《生産者について》
山梨県には日本で最も多くのワイナリーがありますが、セブンシダーズ・ワイナリーには特徴があります。甲府盆地ではなく、そこから山を挟んで南側、河口湖の東側地域にあるのです。
かつてこの地区は、標高850mと高いことによる冷涼さと山間の変わりやすい天候ゆえ、果物の栽培には不向きとされてきました。しかし昨今の温暖化により、冬の最低気温が-10℃を下回ることも稀になり、ブドウ栽培も可能になったのです。
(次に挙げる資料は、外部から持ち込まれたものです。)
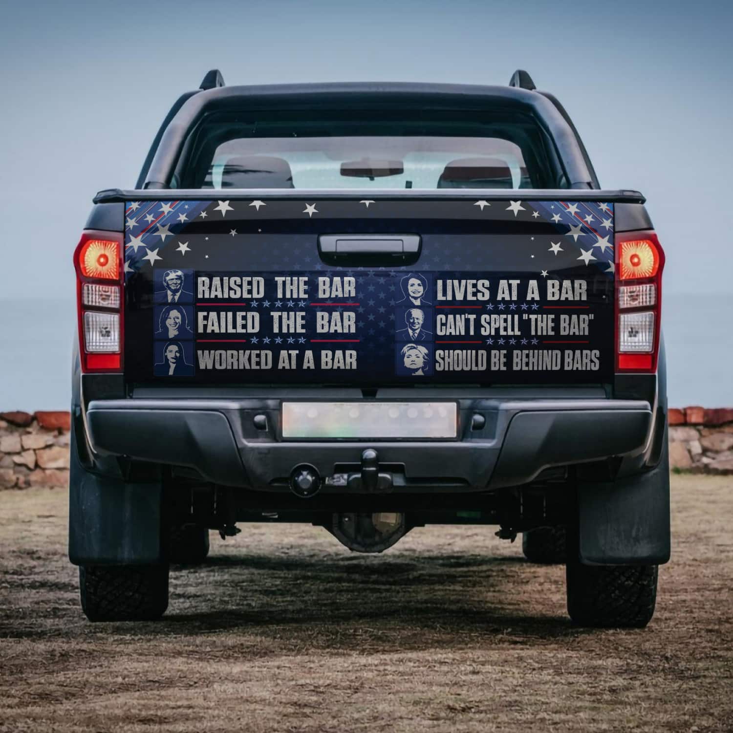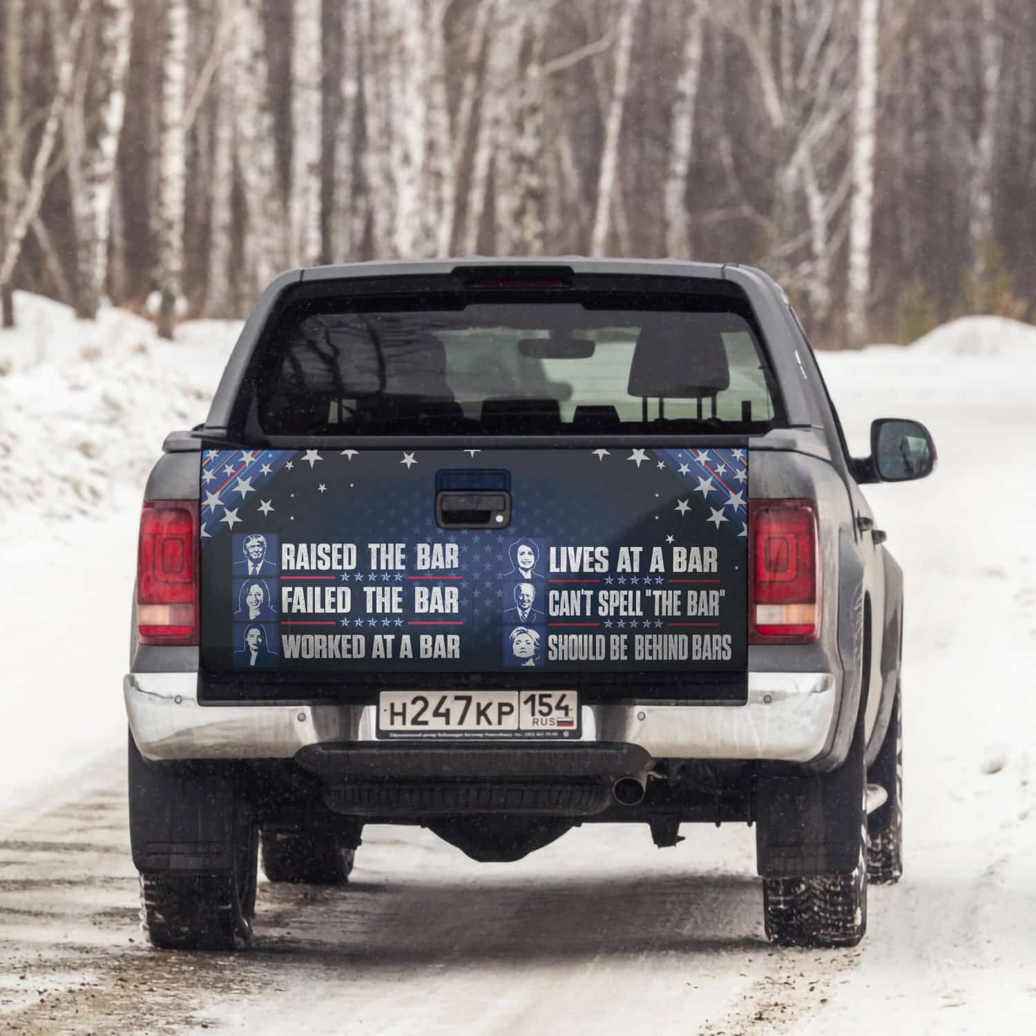 Let’s Shop Raised The Bar Failed The Bar Should Be Behind Bars Funny Trump Harris Nancy Biden Truck Tailgate Decal Sticker Wrap!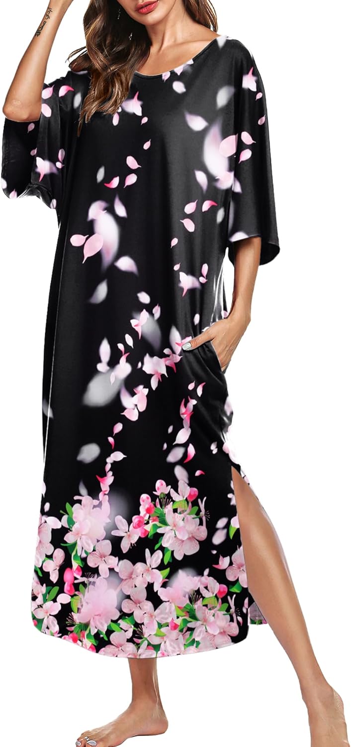 Ekouaer Women's Nightgown Short Sleeve Sleepshirt Long Loungewear Casual Maxi Lounge Dress House Dresses with Pockets
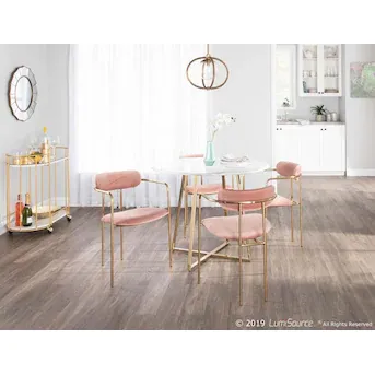 Soft pink and gold Glam Velvet dining chairs. 6 available. Purchased at BedBathandBeyond a year ago. Originally paid $840.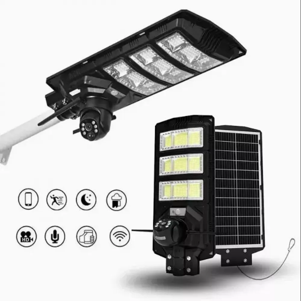 Повышайте безопасность и освещение вашего дома или бизнеса с нашим инновационным уличным фонарем с камерой видеонаблюдения на солнечной панели 300W с датчиком движения V380pro. Этот передовой прибор сочетает в себе мощное освещение, высококачественную видеосъемку и умные функции для максимальной удобства и безопасности.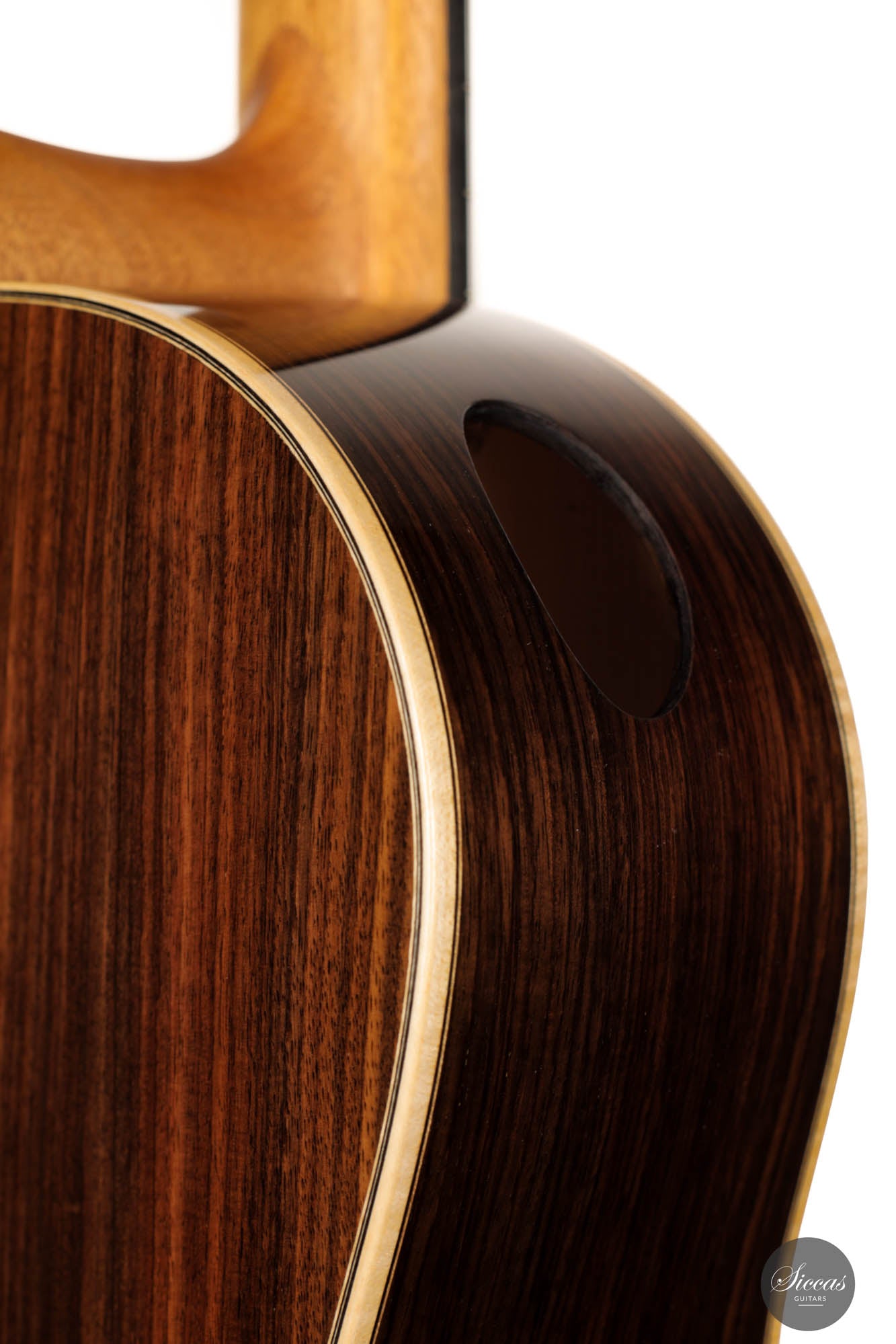 Diese Toby Rzepka-Gitarre ist nicht nur ein Musikinstrument, sondern ein Kunstwerk, das Tradition und Innovation vereint und den Respekt seines Schöpfers vor der Vergangenheit und seine Vision für die Zukunft widerspiegelt. Jeder angeschlagene Akkord ist ein Zeugnis von Tobys Handwerkskunst und liefert einen Klang, der unbestreitbar klar, ausgewogen und schön natürlich ist.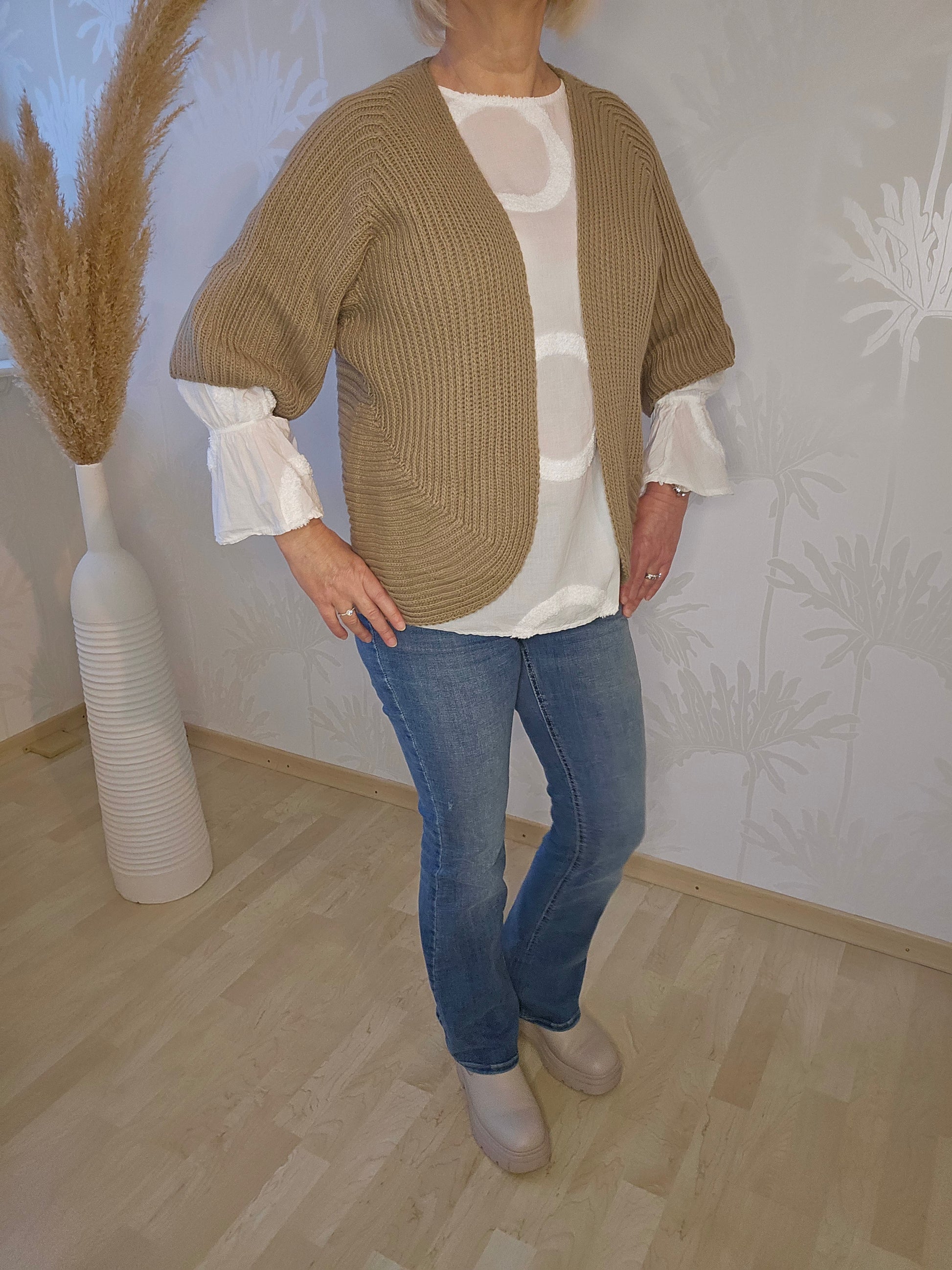 Tips: Snyggt att sätta till som vi har gjort här, se sid bild, en beige cardigan som heter Sbcarly Knit där du förstärker din outfit med det fina ärm slutet i blusen. Vill du sätta en väska till så kan vi tipsa om vår Alva väska som tar upp den beige tonen i cardiganen.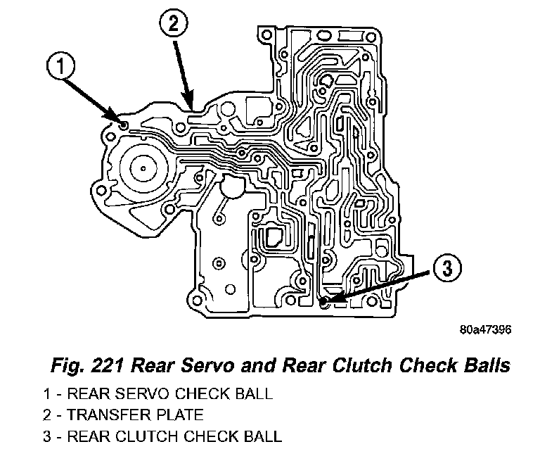 20. Note position of filter, rear clutch servo and rear servo check balls for assembly reference (Fig. 220) and (Fig. 221).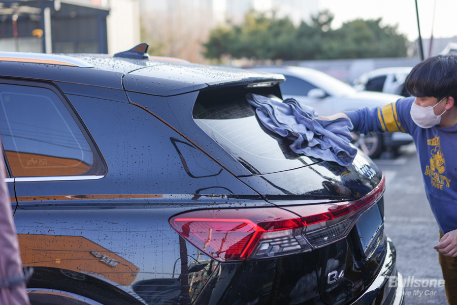 마무리는 대형 타월을 이용하여 물기가 생기지 않게 깨끗이 닦아줍니다.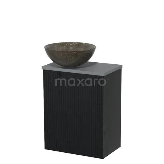 WC-Möbel mit Aufsatzwaschbecken | 41 cm Matt Schwarz Line Front Blaustein Naturstein-Aufsatzwaschbecken Mittelgrau Platte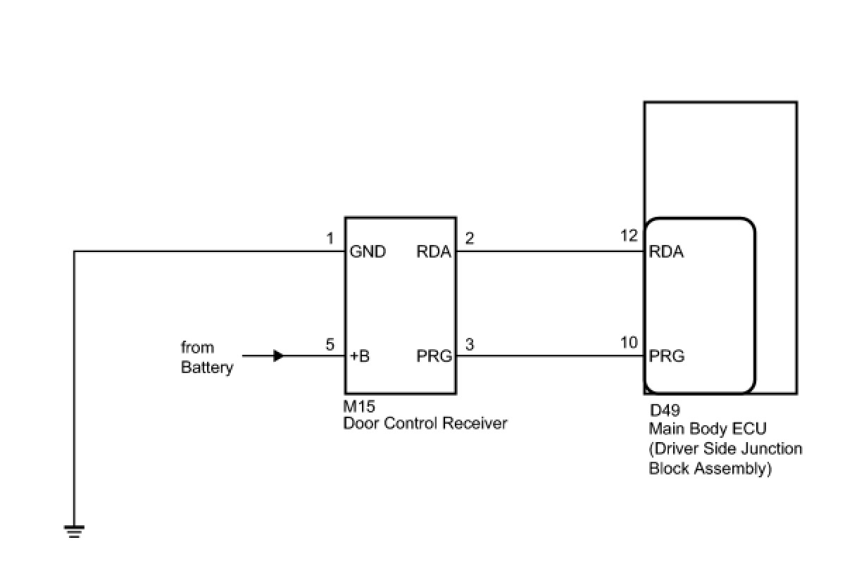 The door control receiver receives signals from the transmitter and sends these signals to the main body ECU (driver side junction block assembly).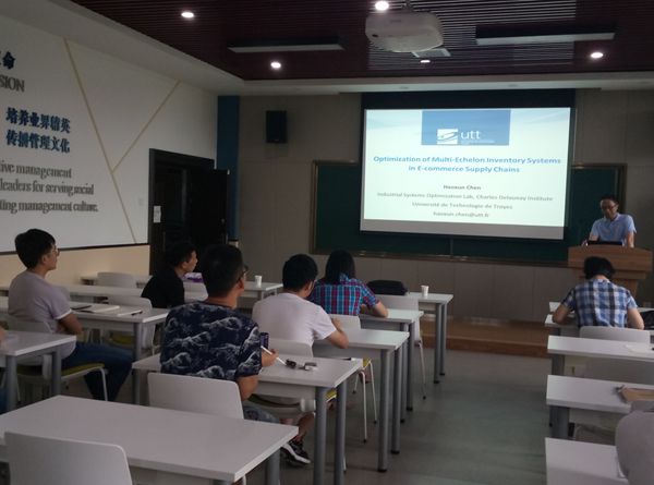 在提问环节,参会的同学积极发言,陈教授也为大家一一解答。多位研究生对多级库存中需求预测如何影响库存管理及目前库存管理中的补货策略以及未来的发展方向等问题表现出了浓厚的兴趣。

ワイン造りは、「風土の表現」「葡萄の表現」「栽培者・造り手の表現」を志すもの。
それを目指すセブンシダーズ・ワイナリーでは、自社畑のブドウだけでなく、地域の栽培農家からのブドウも用います。山梨大学で発酵生産学を学んだ鷹野ひろ子氏が栽培・醸造の責任者をつとめ、「大人の休日の楽しみ方を提供するワイナリーに」をモットーに洗練されたワインをつくります。
《このワインについて》
これまで購入したブドウからワインをつくりつつ、大切に育ててきた自社畑のブドウが、ようやくいくらか収穫可能になりました。この「REIKAKU」は2025年が2回目のヴィンテージです。これは自社畑につけた名前で、河口浅間神社に祀られている7本の千年杉の3番目「齢鶴」からとりました。
洋ナシやマンゴー、パイナップルのような華やかな香り。奥からミントのようなハーブ感も感じられます。程よい凝縮感の果実味としっかりとした酸味。余韻にまで旨味感が続きます。
甲府盆地とは一味違った、河口湖岸のテロワールを表すワインとして、樹齢が上がればますます美味しくなるでしょう。これからが楽しみです。